TensorFlow is gradually porting graph transformations to MLIR and unifying the interfaces to the back-end code generators [LS19]. Other hardware libraries or hardware vendor IRs can consume the MLIR and generate code for their respective back-end targets.

9.9 Others

Other notable compilers include the following:

Halide was developed as a DSL for image processing [RBA+13]. Key Halide concepts can extend to DL compilers. TVM borrows many ideas from Halide, including decoupling the tensor expression from the schedule and defining the scheduling space.

Diesel was developed by Nvidia to generate efficient code for GPUs [ERR+18]. Diesels maps a DSL to a high-level graph and then lowers the graph to a Polyhedral IR. Optimization passes are applied to tile a loop for efficient parallelism between threads, warps, blocks, and SM. Diesel then generates CUDA code for various Nvidia GPU back-end architectures.

nGraph is an open-source C++ library for high-level compilation designed by Intel but no longer actively maintained. nGraph consumes a TensorFlow or ONNX computation graph, maps the subgraphs supported by nGraph to a nGraph IR (for TF models, the TF runtime handles nonsupported nodes), and performs high-level optimization passes, as shown in Figure 9.3 [SPE19].

Figure 9.3: Graph-level optimizations used by nGraph (and typical in DL compilers). Various nodes are fused to reduce memory access overhead. Based on [SPE19].

Tensor Comprehension (TC) was developed by Facebook AI Lab and released in early 2018 [VZT+18]. Facebook appears to be prioritizing the Glow graph compiler. TC defines a scheduling space for GPUs using polyhedral methods and uses a JIT compiler to search for an efficient schedule. TC does not use ML to facilitate the selection of a schedule.

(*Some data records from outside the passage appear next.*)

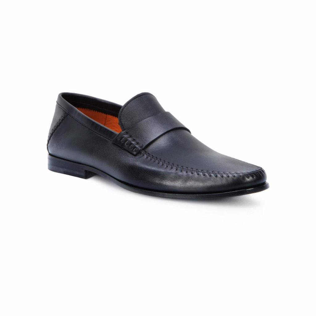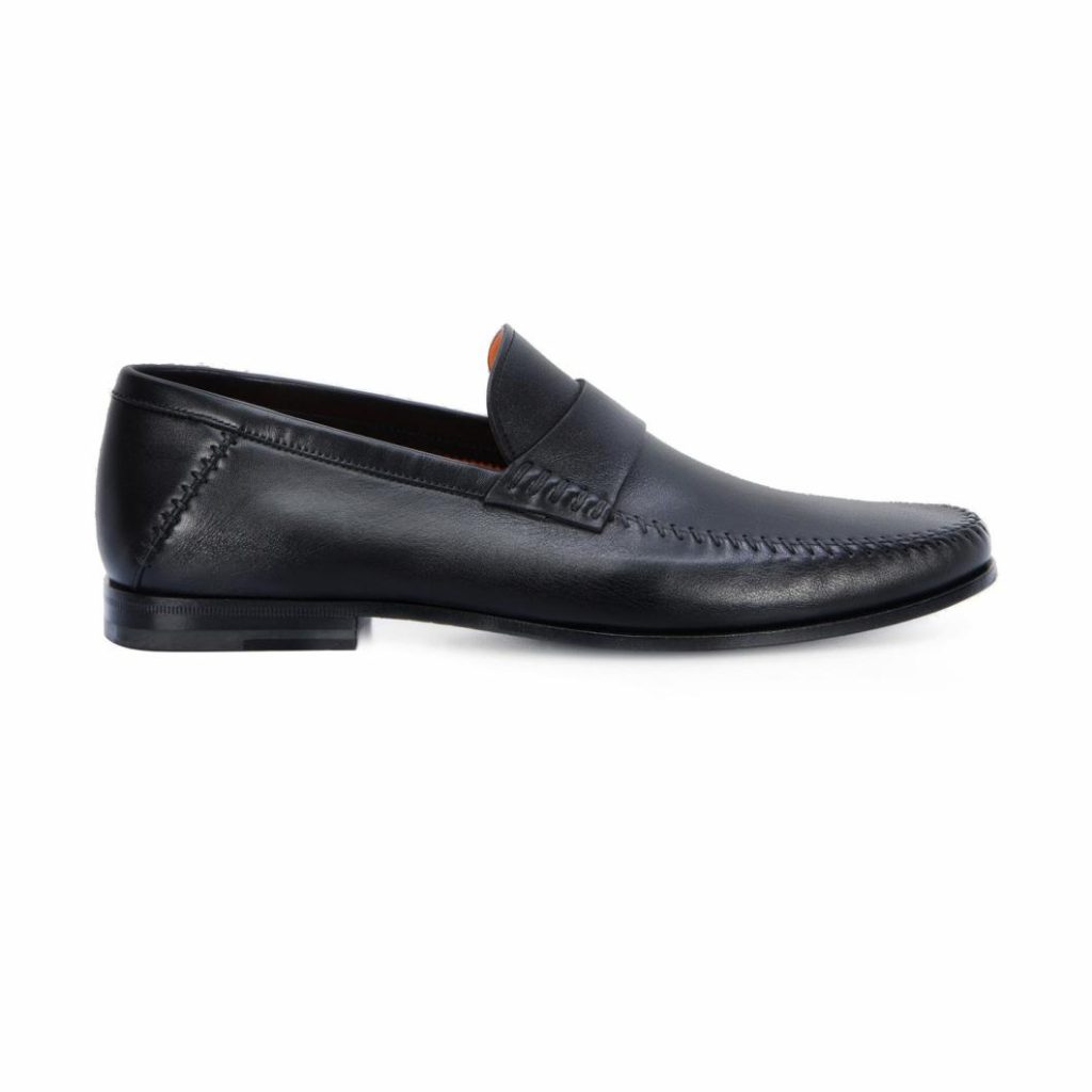 Santoni Loafers | Men Black Leather Penny Loafer
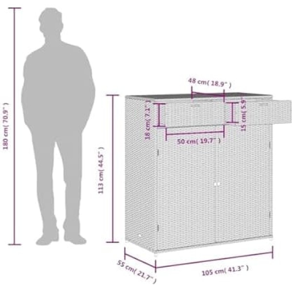 This outdoor cabinet is perfect for keeping your blankets, cushions, garden supplies, pool towels and other items neatly and easily accessible. Durable material: PE rattan, also known as poly rattan, is a robust, easy-care synthetic material that has the look of natural rattan. It is characterised by a low weight and is easy to clean. Due to its durability and weather resistance, it is often used in the production of garden furniture. Plenty of storage space: This outdoor storage cabinet offers plenty of space to store your garden tools, pool toys, outdoor cushions and more. Robust and stable frame: thanks to the powder-coated steel frame, the outdoor furniture is robust, stable and suitable for everyday outdoor use. Practical doors: Both 2 doors are equipped with stainless steel door knobs and magnets for easy opening and closing. Attention: › See more product details
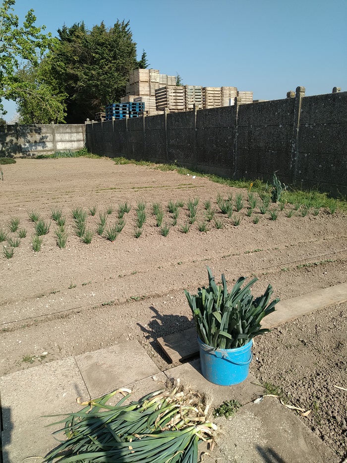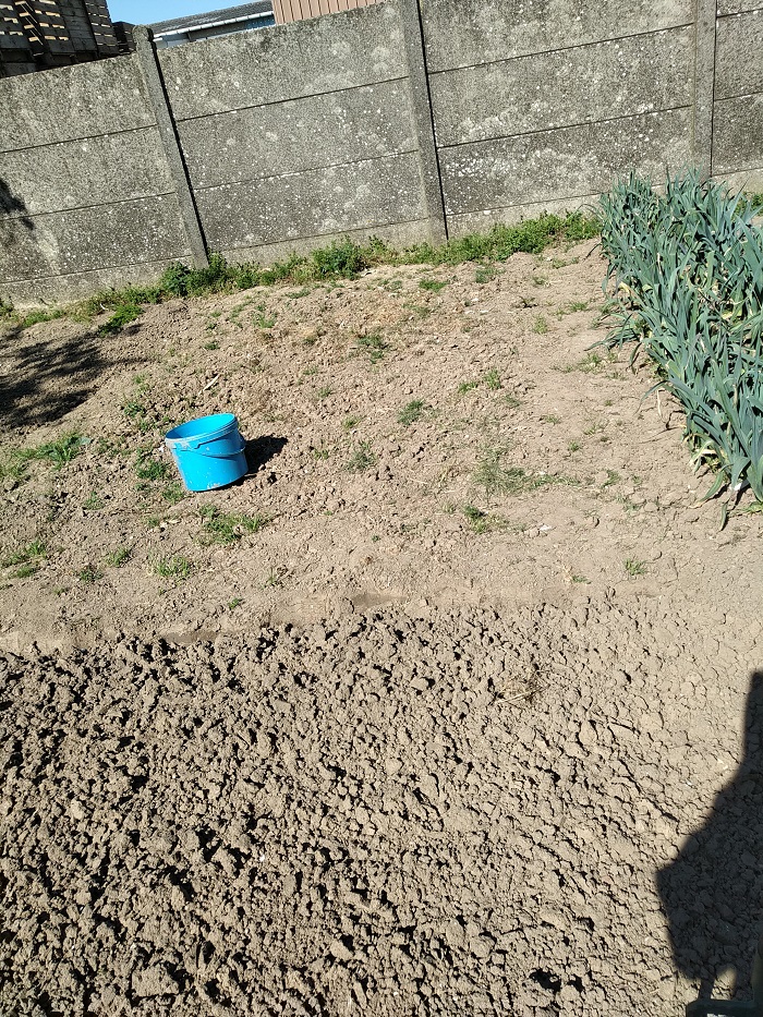 Au petit potager arrachage des poireaux ,bêchage et préparation de la surface pour un semi de haricot

Tensor Algebra Compiler (taco) generates sparse tensor operators on a CPU [KKC+17].

DLVM has full control-flow and can be used for graph-level optimization [WSA18].

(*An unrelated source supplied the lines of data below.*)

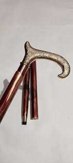 Golden Walking Stick with Metal Handle and Iron/Brass Stick Tip
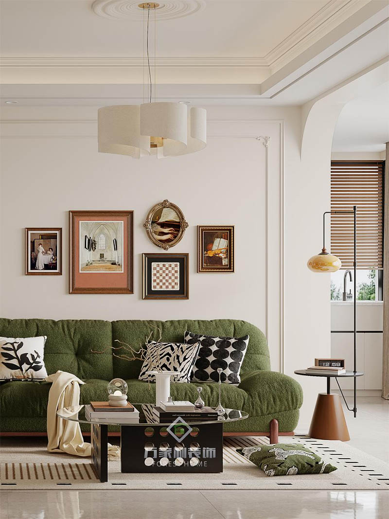 當(dāng)法式復(fù)古風(fēng),遇上一眼心動(dòng)的綠色沙發(fā),像陽(yáng)光透過(guò)樹(shù)影斑駁的光影讓法式復(fù)古風(fēng)客廳變得很有生機(jī)活力充滿森系的復(fù)古浪漫氛圍.
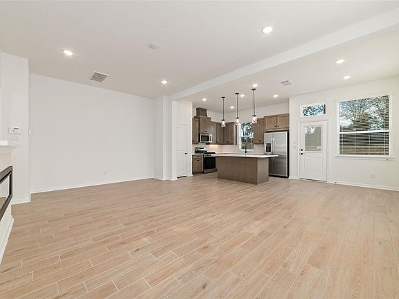 Welcome to your new home, never lived in new construction located in Woodforest community. Convenient to golf course, shopping, parks, pools, trails and schools. Walking distance to elementary school. Located on green belt. This beautiful home features open concept for living, dining and kitchen areas. Enjoy the lovely kitchen with gas stove, stainless steel appliances including refrigerator, under mount lighting, and pendant lighting above island. Tile flooring downstairs and electric fireplace. Primary bedroom has vaulted ceiling and bathroom has double sinks, soaking tub and walk in shower. Come visit and see this beautiful home for yourself. Ask about first responders special!
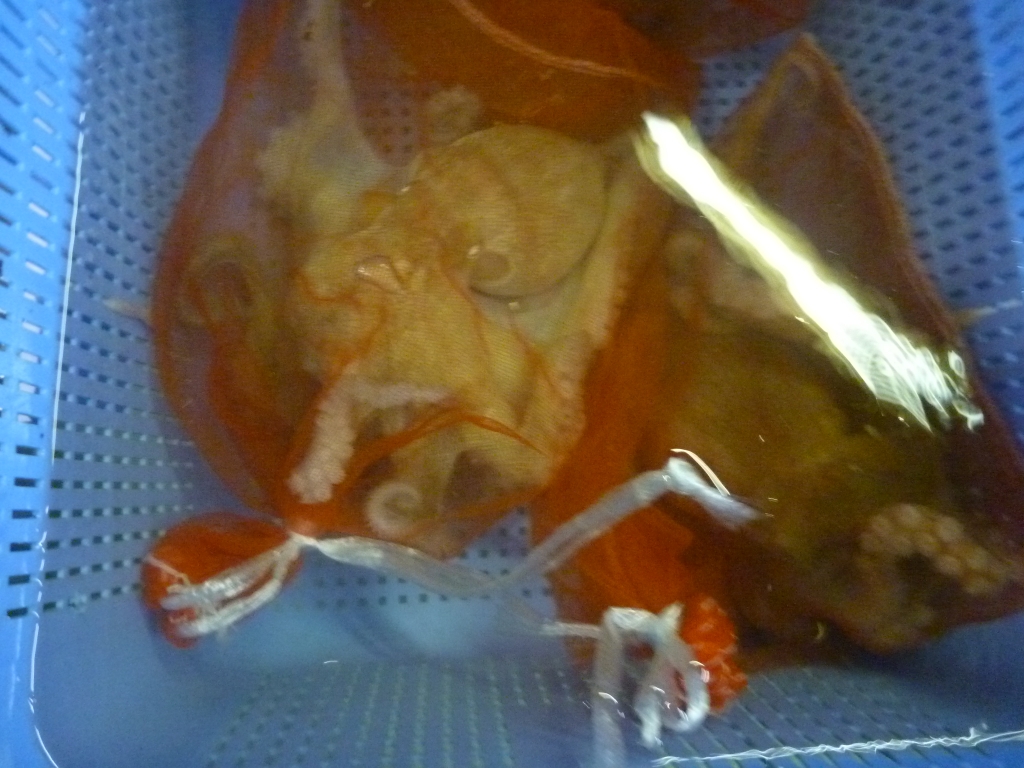 主なものはマダコ、小エビを中心にマダイ、チヌ、ゲタ、メイタ、キス、コチゴ、メバル類、
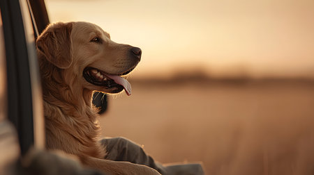 A joyful golden retriever leans out of a car window, tongue out, basking in the warm sunlight and wind. The serene background hints at a beautiful landscape just outside the car.
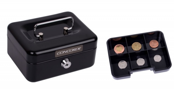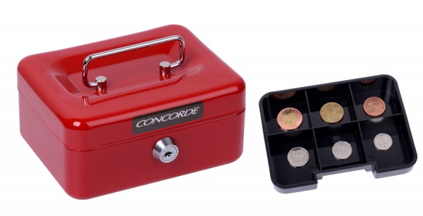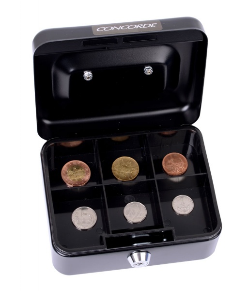 Kovová pokladna vyrobená z bezešvého ocelového plechu, přihrádka na mince, uzamykatelná, přenosná.

WELD is a DSL for data processing.

In this chapter, we reviewed the importance of DL compilers to support the execution of models across diverse hardware targets. We detailed the DL compilers and software libraries used by hyperscalers and hardware vendors. The most popular frameworks (with built-in compilers) are TensorFlow and PyTorch, and the most popular compilers are TVM and XLA, with MLIR providing a compiler infrastructure. In the next chapter, we provide concluding remarks and discuss some of the future challenges and opportunities to advance DL.